**RECORDS FOR THE EXERCISE:**
----

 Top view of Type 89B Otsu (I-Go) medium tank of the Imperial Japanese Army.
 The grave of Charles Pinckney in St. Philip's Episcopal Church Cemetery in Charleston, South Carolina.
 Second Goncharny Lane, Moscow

----

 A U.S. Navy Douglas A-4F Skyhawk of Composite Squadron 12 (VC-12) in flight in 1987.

----

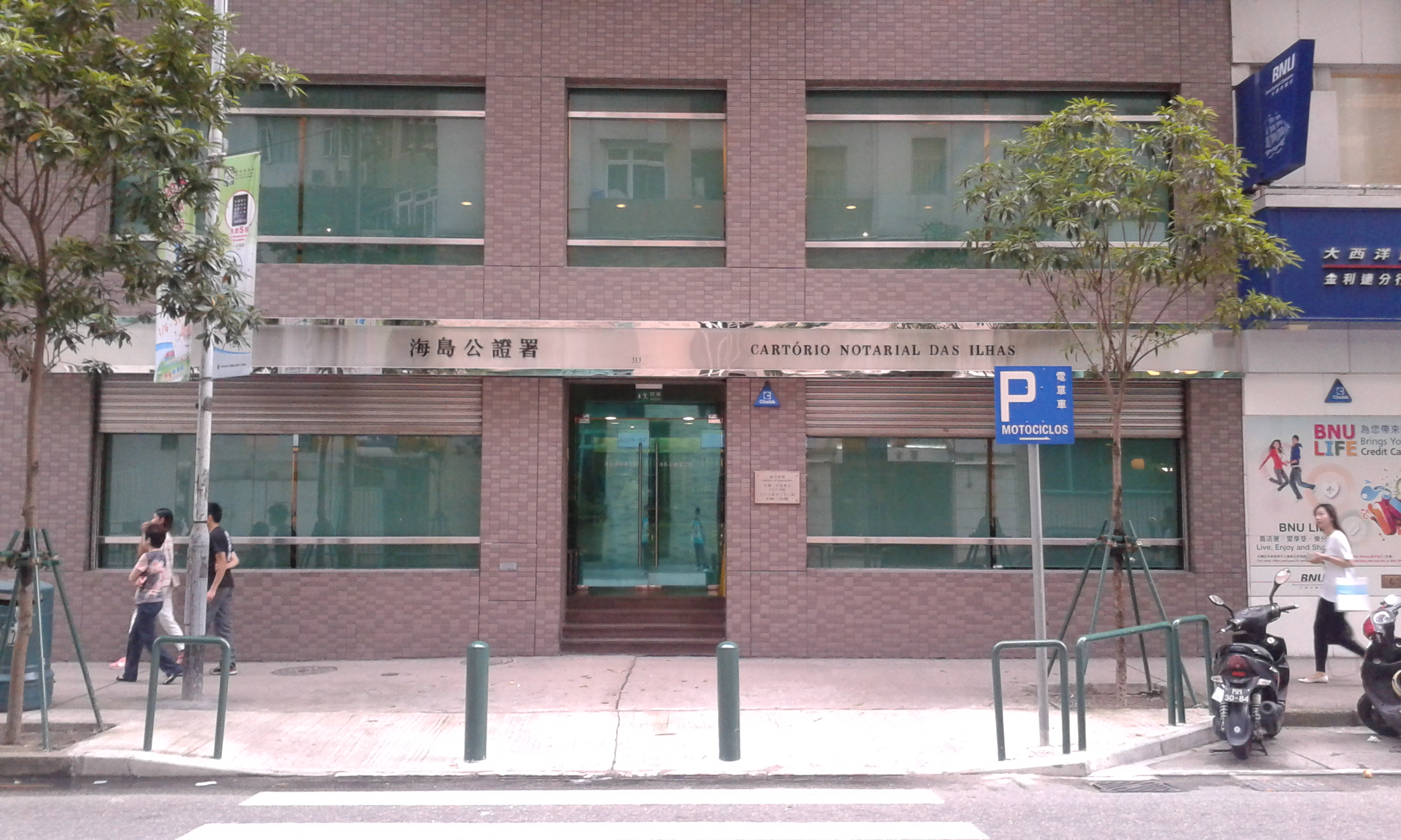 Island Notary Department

----

**EXERCISE DESCRIPTION:** Within the listing above, the range opens at the line with "Top view of" and closes at the line with "Second Goncharny Lane, Moscow". Reproduce exactly the lines of that range, including both ends.

**RESULT:**
 Top view of Type 89B Otsu (I-Go) medium tank of the Imperial Japanese Army.
 The grave of Charles Pinckney in St. Philip's Episcopal Church Cemetery in Charleston, South Carolina.
 Second Goncharny Lane, Moscow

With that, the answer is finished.